What is being asked | The first line of the entries and each line after it, through the one that contains "Fallen leaves along", are to be duplicated exactly; no picture belongs in the copy.

[Dataset content]

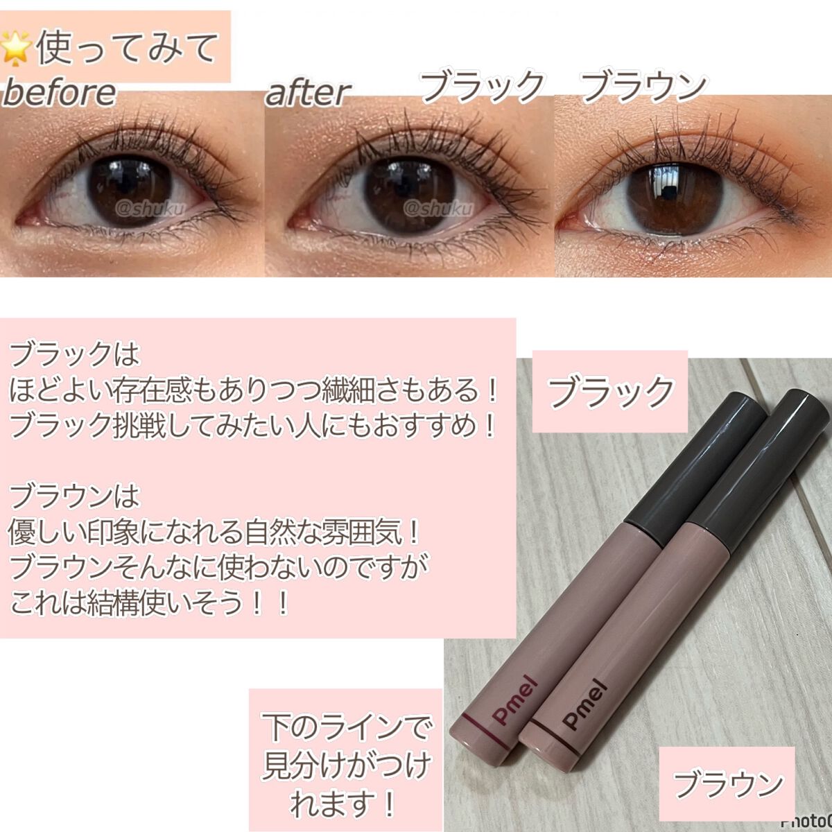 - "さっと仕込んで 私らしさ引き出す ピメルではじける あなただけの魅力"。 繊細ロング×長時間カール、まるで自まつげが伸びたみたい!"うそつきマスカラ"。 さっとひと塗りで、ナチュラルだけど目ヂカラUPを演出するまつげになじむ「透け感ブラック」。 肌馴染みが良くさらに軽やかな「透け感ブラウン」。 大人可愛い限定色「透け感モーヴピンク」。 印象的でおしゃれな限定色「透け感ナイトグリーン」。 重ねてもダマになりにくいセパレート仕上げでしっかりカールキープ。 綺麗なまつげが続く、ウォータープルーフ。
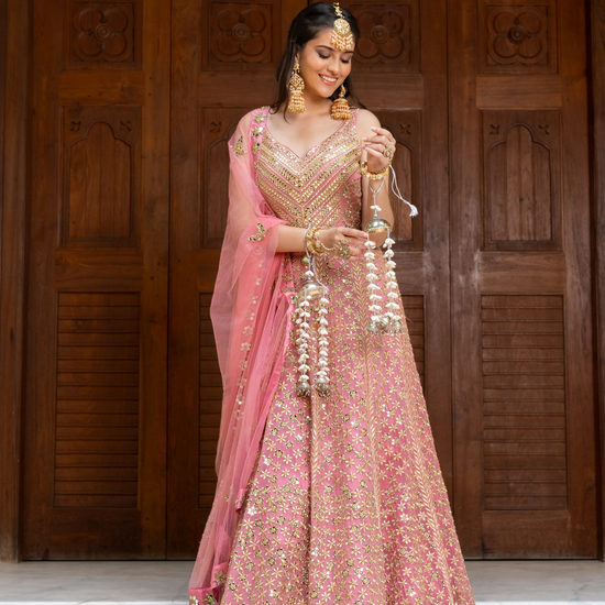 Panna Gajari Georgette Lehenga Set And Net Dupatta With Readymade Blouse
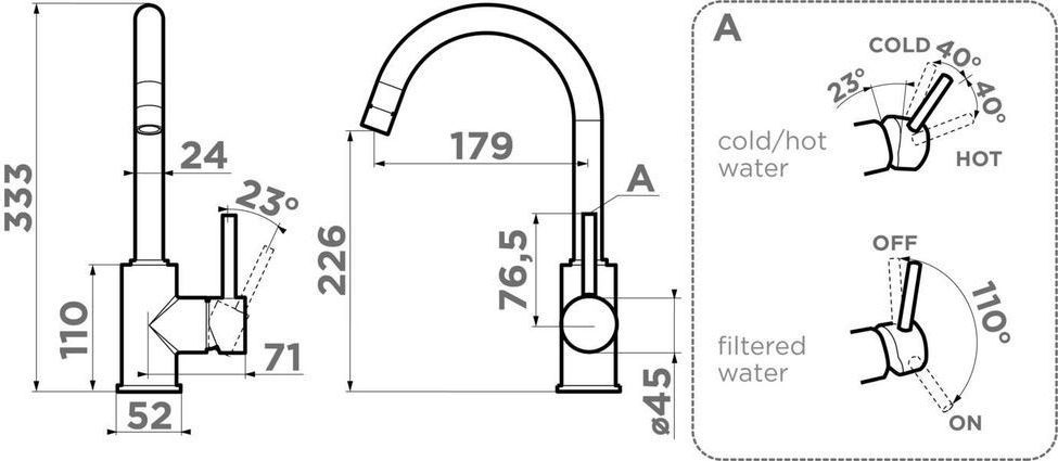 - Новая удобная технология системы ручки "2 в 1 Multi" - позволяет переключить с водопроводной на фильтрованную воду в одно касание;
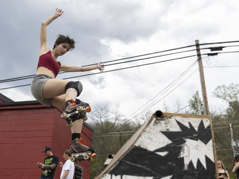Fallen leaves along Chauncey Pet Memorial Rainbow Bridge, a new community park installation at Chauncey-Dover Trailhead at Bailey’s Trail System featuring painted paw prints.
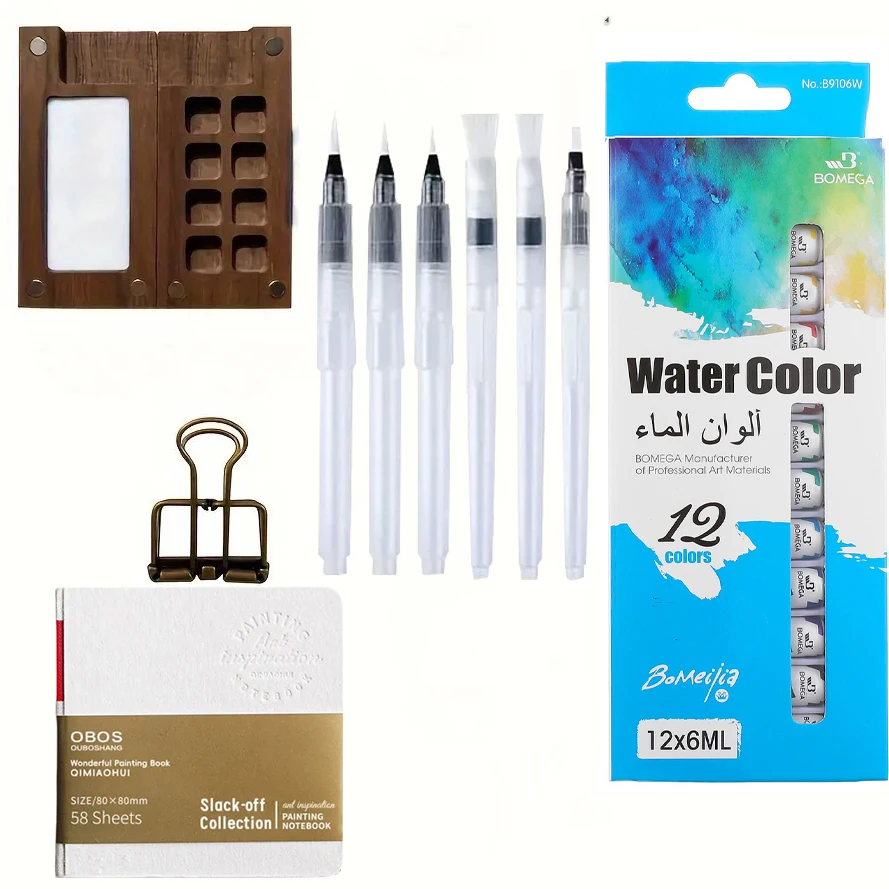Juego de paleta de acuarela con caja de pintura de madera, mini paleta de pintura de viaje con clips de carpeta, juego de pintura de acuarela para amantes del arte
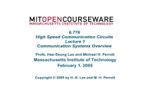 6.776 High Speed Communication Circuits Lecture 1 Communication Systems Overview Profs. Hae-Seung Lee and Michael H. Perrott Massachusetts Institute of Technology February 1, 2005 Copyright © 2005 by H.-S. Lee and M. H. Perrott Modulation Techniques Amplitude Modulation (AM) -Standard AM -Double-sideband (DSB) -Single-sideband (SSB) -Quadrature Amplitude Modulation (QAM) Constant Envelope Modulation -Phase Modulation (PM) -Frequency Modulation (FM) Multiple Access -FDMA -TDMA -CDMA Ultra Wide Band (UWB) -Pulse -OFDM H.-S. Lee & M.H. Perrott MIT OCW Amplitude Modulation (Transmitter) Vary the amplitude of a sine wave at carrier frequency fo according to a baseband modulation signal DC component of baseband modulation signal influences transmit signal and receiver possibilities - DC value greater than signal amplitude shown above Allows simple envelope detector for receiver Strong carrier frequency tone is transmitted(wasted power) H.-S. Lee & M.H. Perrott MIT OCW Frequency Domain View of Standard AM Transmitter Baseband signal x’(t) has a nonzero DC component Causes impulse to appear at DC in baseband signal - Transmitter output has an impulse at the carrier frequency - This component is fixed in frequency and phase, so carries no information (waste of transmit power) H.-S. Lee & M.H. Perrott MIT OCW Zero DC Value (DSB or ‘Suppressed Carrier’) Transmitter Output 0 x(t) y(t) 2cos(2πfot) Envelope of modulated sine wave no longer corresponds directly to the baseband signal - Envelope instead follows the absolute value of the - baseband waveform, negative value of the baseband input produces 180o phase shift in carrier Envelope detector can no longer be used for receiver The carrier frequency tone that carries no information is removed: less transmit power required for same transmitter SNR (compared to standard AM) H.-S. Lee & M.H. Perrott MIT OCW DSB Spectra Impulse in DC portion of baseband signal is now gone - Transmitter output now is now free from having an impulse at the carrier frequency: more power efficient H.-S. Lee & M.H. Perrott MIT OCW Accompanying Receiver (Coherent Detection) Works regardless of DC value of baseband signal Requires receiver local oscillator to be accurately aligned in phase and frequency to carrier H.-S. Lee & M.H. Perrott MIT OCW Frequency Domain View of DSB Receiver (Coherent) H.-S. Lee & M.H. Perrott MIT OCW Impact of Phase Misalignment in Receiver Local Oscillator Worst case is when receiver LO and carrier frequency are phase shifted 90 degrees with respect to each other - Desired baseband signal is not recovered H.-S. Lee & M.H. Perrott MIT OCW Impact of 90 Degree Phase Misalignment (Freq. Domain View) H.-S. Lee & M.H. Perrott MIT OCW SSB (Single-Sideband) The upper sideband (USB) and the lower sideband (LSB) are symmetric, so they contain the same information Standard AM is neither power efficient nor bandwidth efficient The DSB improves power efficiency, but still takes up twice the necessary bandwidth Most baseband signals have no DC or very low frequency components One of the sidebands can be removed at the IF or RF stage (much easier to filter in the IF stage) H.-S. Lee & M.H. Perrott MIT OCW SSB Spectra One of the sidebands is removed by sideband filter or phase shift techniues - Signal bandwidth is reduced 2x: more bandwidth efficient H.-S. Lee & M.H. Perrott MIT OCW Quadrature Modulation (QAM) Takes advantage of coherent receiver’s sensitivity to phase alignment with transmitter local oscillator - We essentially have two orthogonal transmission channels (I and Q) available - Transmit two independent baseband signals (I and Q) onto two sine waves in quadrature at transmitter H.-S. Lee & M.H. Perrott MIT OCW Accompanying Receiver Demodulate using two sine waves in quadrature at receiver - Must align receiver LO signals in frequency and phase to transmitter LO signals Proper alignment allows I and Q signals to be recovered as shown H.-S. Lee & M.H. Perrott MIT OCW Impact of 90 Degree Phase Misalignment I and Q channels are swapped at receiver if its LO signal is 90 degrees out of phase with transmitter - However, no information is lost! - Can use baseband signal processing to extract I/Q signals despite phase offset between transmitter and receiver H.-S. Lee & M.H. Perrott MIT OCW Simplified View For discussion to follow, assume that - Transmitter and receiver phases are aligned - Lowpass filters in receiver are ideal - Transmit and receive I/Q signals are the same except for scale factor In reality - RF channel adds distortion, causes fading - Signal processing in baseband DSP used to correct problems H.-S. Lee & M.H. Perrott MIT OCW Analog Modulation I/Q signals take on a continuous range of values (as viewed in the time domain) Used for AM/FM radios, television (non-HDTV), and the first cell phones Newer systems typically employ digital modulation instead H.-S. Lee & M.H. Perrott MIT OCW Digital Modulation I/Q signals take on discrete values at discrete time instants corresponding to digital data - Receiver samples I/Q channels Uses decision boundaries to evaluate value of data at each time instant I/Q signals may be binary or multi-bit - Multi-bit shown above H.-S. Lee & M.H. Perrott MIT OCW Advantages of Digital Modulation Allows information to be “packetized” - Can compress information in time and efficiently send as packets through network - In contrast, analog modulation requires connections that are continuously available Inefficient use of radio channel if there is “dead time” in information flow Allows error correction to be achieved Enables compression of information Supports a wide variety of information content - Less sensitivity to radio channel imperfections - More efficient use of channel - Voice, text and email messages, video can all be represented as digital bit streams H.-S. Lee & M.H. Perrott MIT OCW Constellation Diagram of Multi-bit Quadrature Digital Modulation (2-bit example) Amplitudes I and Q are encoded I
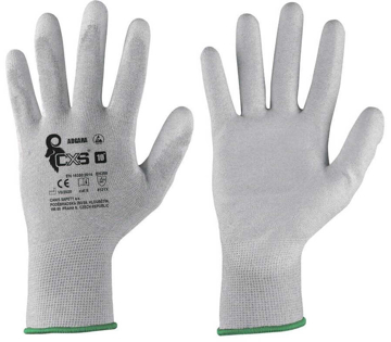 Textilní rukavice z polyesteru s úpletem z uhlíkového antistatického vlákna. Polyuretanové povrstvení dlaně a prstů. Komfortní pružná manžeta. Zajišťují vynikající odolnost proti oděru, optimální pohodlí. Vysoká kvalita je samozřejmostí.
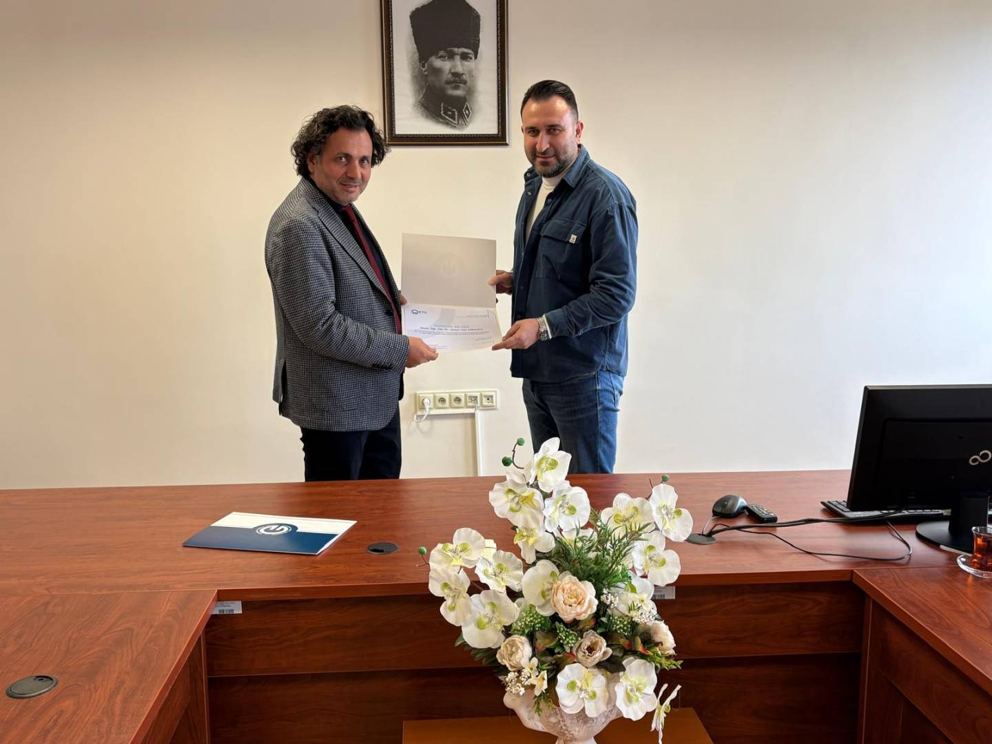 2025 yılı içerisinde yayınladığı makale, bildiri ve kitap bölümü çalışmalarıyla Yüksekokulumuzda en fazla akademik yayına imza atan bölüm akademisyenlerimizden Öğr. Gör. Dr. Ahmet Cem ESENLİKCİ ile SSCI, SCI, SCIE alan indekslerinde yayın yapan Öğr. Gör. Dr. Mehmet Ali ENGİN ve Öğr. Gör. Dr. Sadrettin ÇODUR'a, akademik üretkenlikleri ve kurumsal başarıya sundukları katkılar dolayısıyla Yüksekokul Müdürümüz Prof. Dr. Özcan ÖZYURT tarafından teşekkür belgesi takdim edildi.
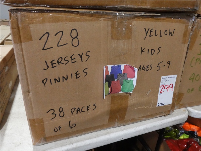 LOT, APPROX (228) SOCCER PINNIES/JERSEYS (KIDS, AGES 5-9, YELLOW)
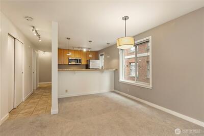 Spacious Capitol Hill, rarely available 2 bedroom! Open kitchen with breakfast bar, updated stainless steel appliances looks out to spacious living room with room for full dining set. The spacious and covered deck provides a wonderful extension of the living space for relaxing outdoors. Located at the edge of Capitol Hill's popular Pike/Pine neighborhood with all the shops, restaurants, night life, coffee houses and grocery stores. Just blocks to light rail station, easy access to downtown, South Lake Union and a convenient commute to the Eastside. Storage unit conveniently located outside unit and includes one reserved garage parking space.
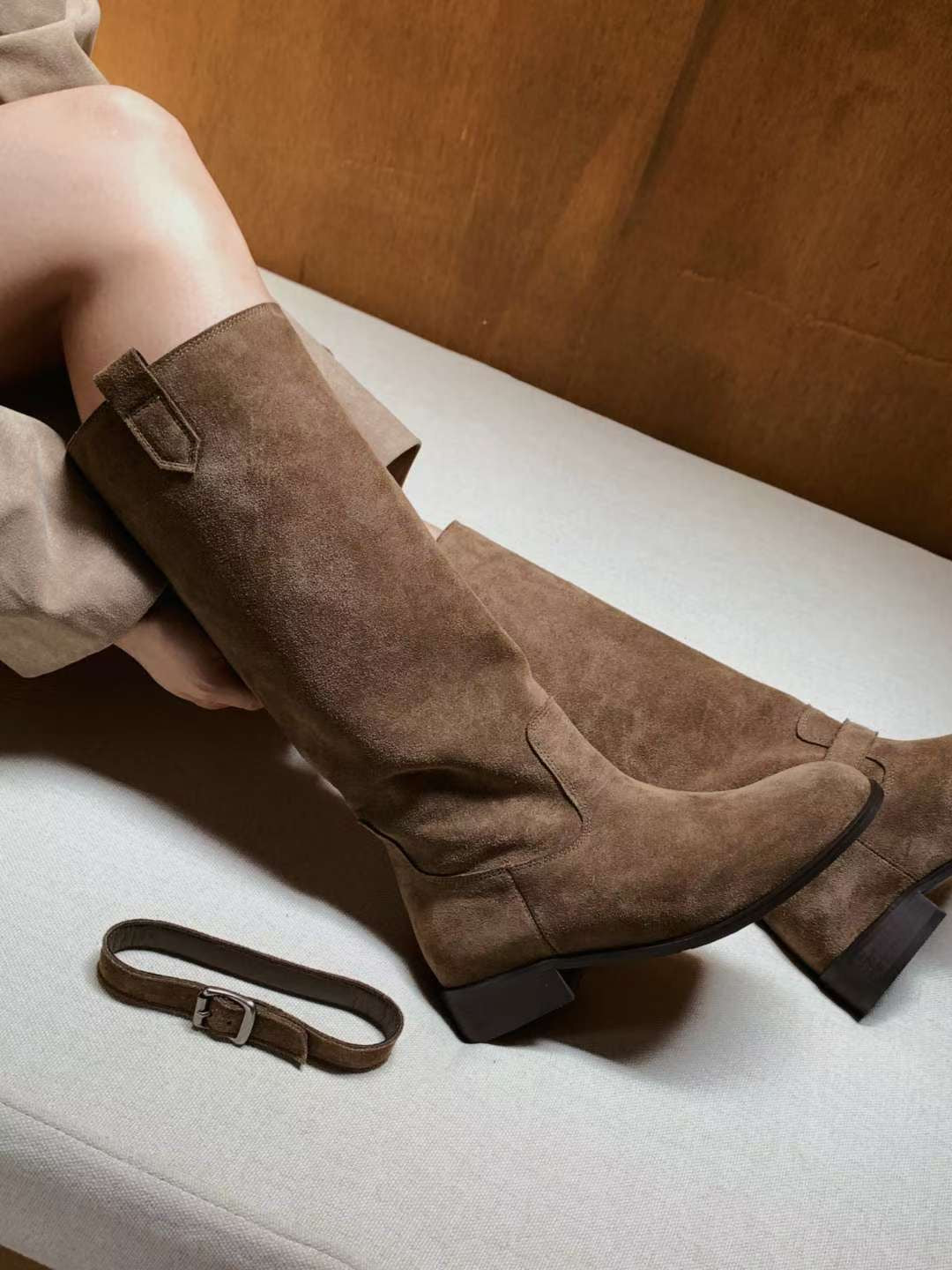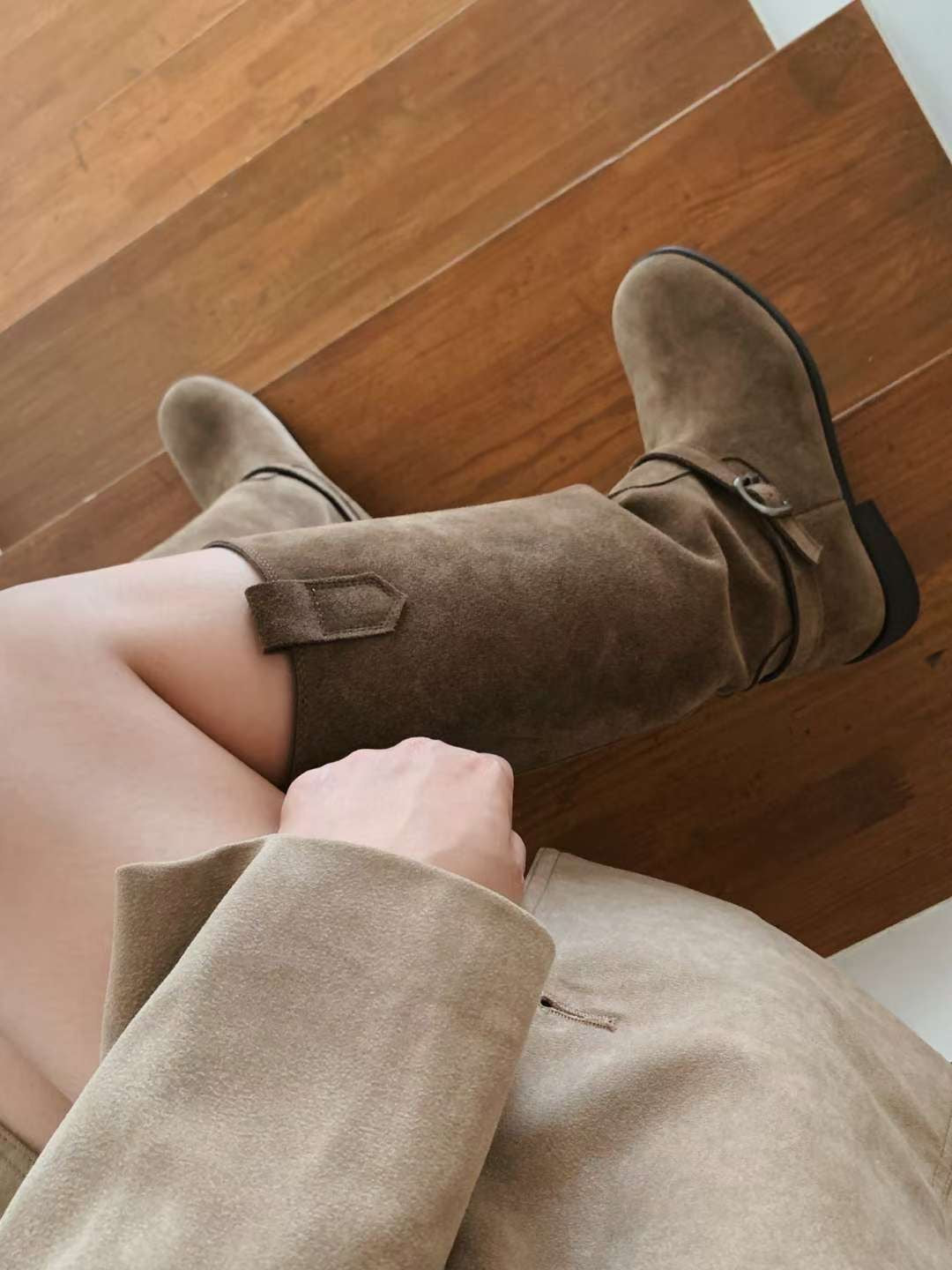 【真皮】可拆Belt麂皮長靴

[/Dataset content]

Task response |
 - "さっと仕込んで 私らしさ引き出す ピメルではじける あなただけの魅力"。 繊細ロング×長時間カール、まるで自まつげが伸びたみたい!"うそつきマスカラ"。 さっとひと塗りで、ナチュラルだけど目ヂカラUPを演出するまつげになじむ「透け感ブラック」。 肌馴染みが良くさらに軽やかな「透け感ブラウン」。 大人可愛い限定色「透け感モーヴピンク」。 印象的でおしゃれな限定色「透け感ナイトグリーン」。 重ねてもダマになりにくいセパレート仕上げでしっかりカールキープ。 綺麗なまつげが続く、ウォータープルーフ。
 Panna Gajari Georgette Lehenga Set And Net Dupatta With Readymade Blouse
 - Новая удобная технология системы ручки "2 в 1 Multi" - позволяет переключить с водопроводной на фильтрованную воду в одно касание;
Fallen leaves along Chauncey Pet Memorial Rainbow Bridge, a new community park installation at Chauncey-Dover Trailhead at Bailey’s Trail System featuring painted paw prints.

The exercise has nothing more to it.